La ceremonia de la primavera era la misma cada año. A la primera tarde larga llegaba como si alguien me hubiera avisado para presenciar mi parto. Corríamos por las callejuelas de la Judería hacia el río mientras se escuchaban los cánticos de las parteras. Si Díaz Yanes lo hubiera filmado, existiría la secuencia en la que nos hacíamos hombres al pisar el Potro, jadeando como galgos desinflados. Desde el Puente Romano tiraba escupitajos a los patos o, merodeando la veintena, besos a las chavalitas de los pueblos, que revoloteaban por Córdoba matriculadas en la licenciatura decente que quisieron sus padres, hombres duros que pensaban que Bellas artes era un piropo. Las cobras de Araseli proyectaban la mueca del paisaje: nunca se puede besar a un atardecer sobre el Guadalquivir.

Volvía a nacer cada año a la vez que Córdoba despertaba del invierno, el fenómeno que observé invirtiendo la mayoría de horas de mi adolescencia. Subido a los naúticos, adicto a la Giorgi, con la camisa por dentro, era un señor en miniatura dedicado a la contemplación del entretiempo.

Mis padres sostenían esta producción carísima: quería ser como los extras que aparecen en Vacaciones en Roma. Sólo me preocupaba divisar los primeros tobillos al aire, detectar fragancias a las puertas del Círculo o enamorarme fugaz y perdidamente de las morenas que sostenían las esquinas de nuestra juventud. Las previas contenían finales redondos y la primavera lo era, sobre todo su inicio. No había nada más sublime que divagar sobre la espera y por eso toreaba tanto de salón e invitaba al cine casi todos los fines de semana; bastaba a veces con ser consciente de que algunos momentos no volverían.

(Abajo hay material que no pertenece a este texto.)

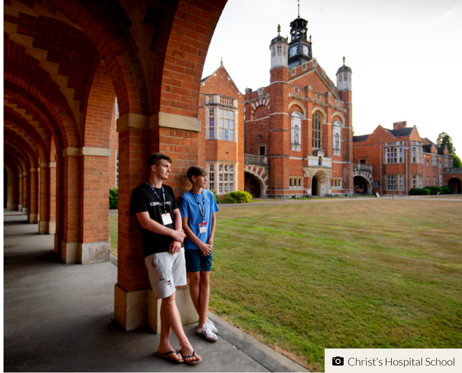
Christ's Hospital School

** (Supplements and minimum numbers may apply)

Fuimos los últimos a los que la Universidad trató como adultos. La organización era perfecta: la ciudad se encargaba de rellenar el hueco tremendo que había entre exámenes, de febrero a junio. El carrusel de borracheras lo abría el baratillo, la vuelta de reconocimiento al calendario festivo por el que surfean los pobres cordobeses, obligados por un bando municipal a tomar las calles: rodea el vaso.

A la feria llegábamos desperdigados, bebiéndonos una botella diaria que potábamos a los pies del rumano encargado de poner a navegar el barco vikingo. Por las casetas siempre había un rumor de pelea o polvo clandestino, aparcadas las formalidades en las Tendillas. Traía las dos cosas la camarera de Barcelona que se obsesionó conmigo, una de las primeras escaramuzas del procès contra la legalidad.

La policía interpretó mis orejas rojas como una señal de auxilio. “Señor agente, ojalá todos los problemas tuvieran las mismas piernas”, le dije a ese padremío de patillas milimétricas. Bajando Serrano creí escuchar esta mañana el tam tam lejano de los naranjos. Un espejismo: la Puerta de Alcalá no es la portada del Arenal. Nunca superaré el destello de Córdoba en primavera.